That says "ModuleNotFoundError: No module named 'torch'".
Torch installation I think was successful because I entered python interpreter mode and import torch
was successful.
Maybe silly question, but:
Have you tried from launching x64 native developer command prompt, and then invoking your python virtual environment or equivalent that you use for nerfstudio?
To install tiny-cuda-nn, I have generally used what is in the nerfstudio readme...
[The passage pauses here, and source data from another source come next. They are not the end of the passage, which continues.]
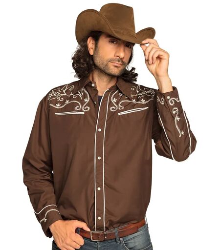 Western skjorte i brun er et must for deg som vil kle deg som en ekte cowboy. Skjorten har klassiske broderte detaljer på bryst og ermer, samt hvite kontrastsømmer som gir et autentisk westernpreg. Med sin komfortable passform og solide stoff passer skjorten perfekt til temafester, karneval eller cowboy- og westerninspirerte arrangementer. Kombiner den med jeans, cowboyhatt og boots for å få en fullendt look som gjør deg klar til fest på prærien. ...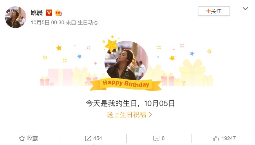 今年的生日微博,转发400,点赞19247。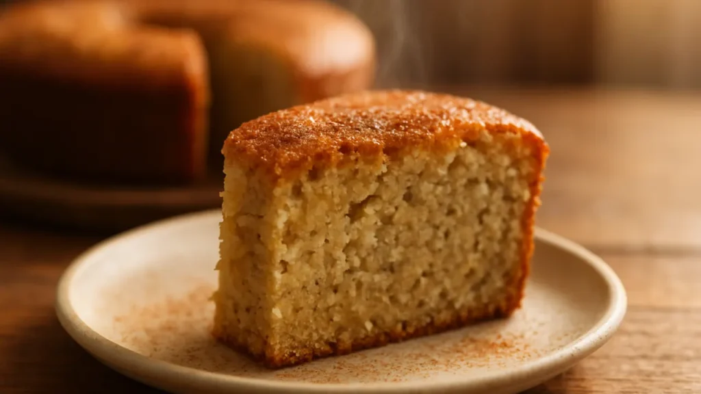 Close-up de uma fatia morna de bolo simples e fofo com miolo aerado e úmido e crosta dourada, migalhas visíveis e leve vapor, servida em prato rústico sobre mesa de madeira — receita de bolo simples e fofo.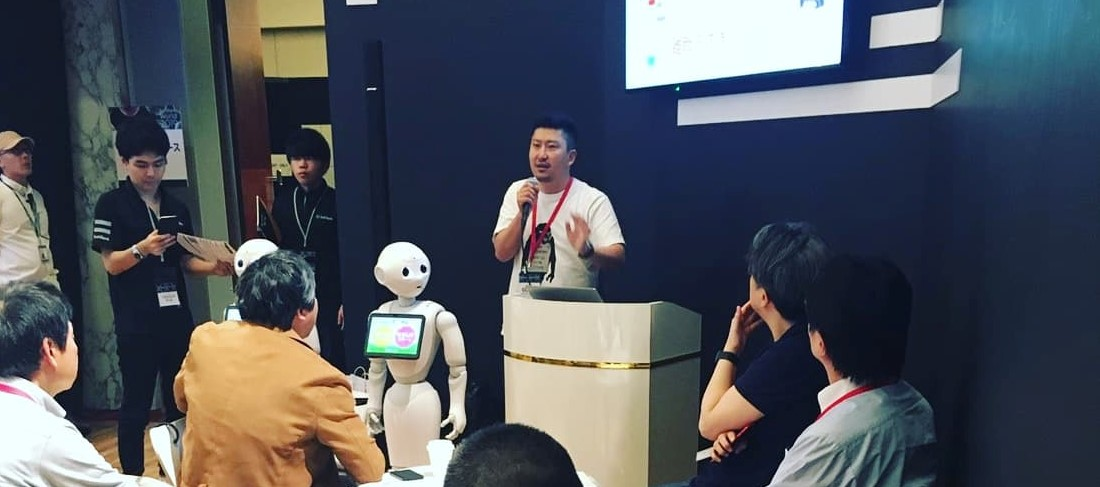 これが2019年ですね。実はこの年の前年からイメチェンをしました。共同創業した中山のぞみのアドバイスで「ダサい!」と言われてしまい、このような感じになりました。なお、これは2019年に東京で開催されたSoftBank World 2019に登壇させてもらい、当社で開発したPepperに実装するロボットアプリを発表しました。SoftBank Worldに出展しようと思うとすごい金額ですがソフトバンクのプロモーションの場をお借りすることで実現しました。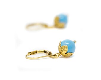 • Dainty Earrings - Blue Drop Earrings - Stocking Stuffer for Woman - Gift For Daughter - Sky Blue Earrings - Leverback Earwires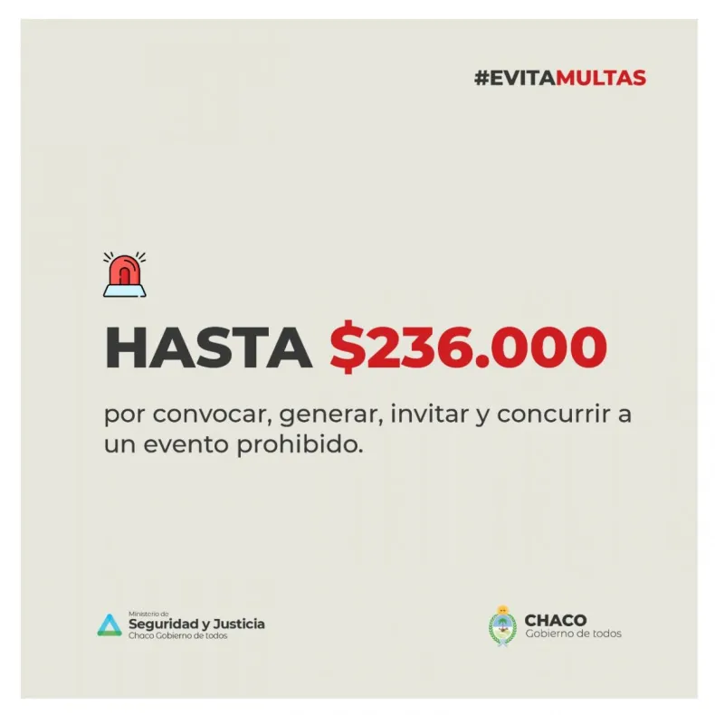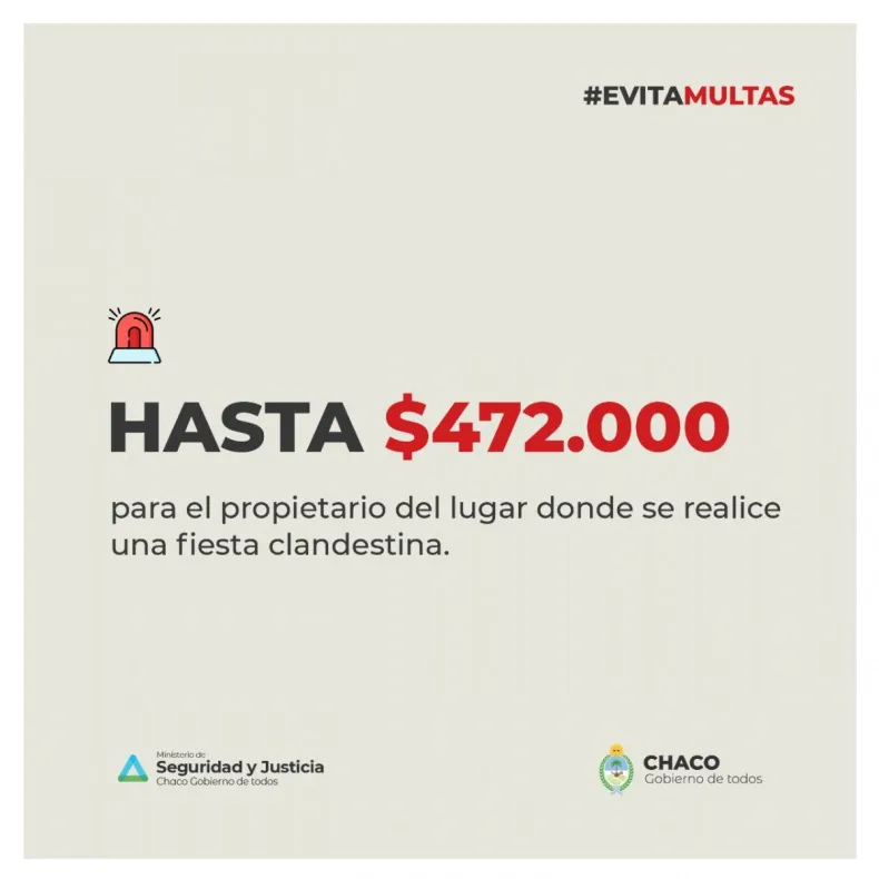 Así, anunció que habrá multas de 472.000 pesos para los propietarios de lugares donde se realicen fiestas clandestinas. El monto desciente a 236.000 pesos para aquellos que convoquen, genere, inviten o concurran a eventos prohibidos por las medidas vigentes hasta el próximo 31 de mayo.
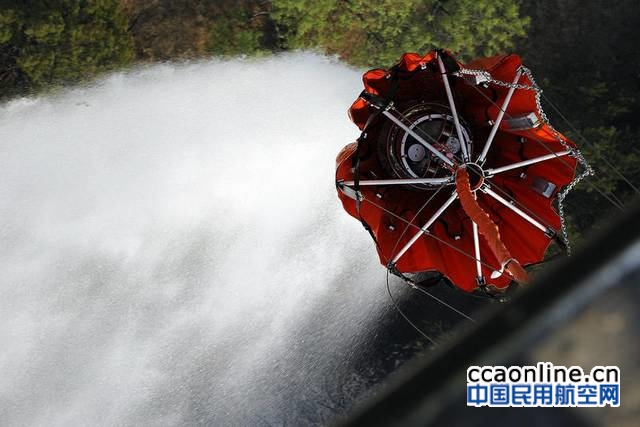 当天上午,AC313直升机城市消防型起飞至10m高度悬停,完成水炮炮管角度控制及吸水软管放出、收起功能验证后,直升机飞至水池上方,缓慢下降至4m高度悬停,完成吸水后平飞至喷水点。操作员将水炮系统的空气选择开关置于“OFF”位,水从炮管喷涌而出,直升机前方出现一道“最美的弧线”,AC313直升机城市消防型空中喷水试飞科目圆满完成。

pip install ninja git+https://github.com/NVlabs/tiny-cuda-nn/#subdirectory=bindings/torch
@machenmusik ,
Yes.
when I install tiny-cuda-nn, I used both
pip install ninja git+https://github.com/NVlabs/tiny-cuda-nn/#subdirectory=bindings/torch
and
git clone https://github.com/NVlabs/tiny-cuda-nn.git
cd tiny-cuda-nn
git submodule update --init --recursive
python -m pip install ./bindings/torch
The former command would fail because fmt and cutlass folders were empty https://github.com/NVlabs/tiny-cuda-nn/issues/208 , and I also failed... The latter command can install fmt and cutlass components, but I failed......
I also tried these two installation procedure with x64 native developer command prompt, but I failed.........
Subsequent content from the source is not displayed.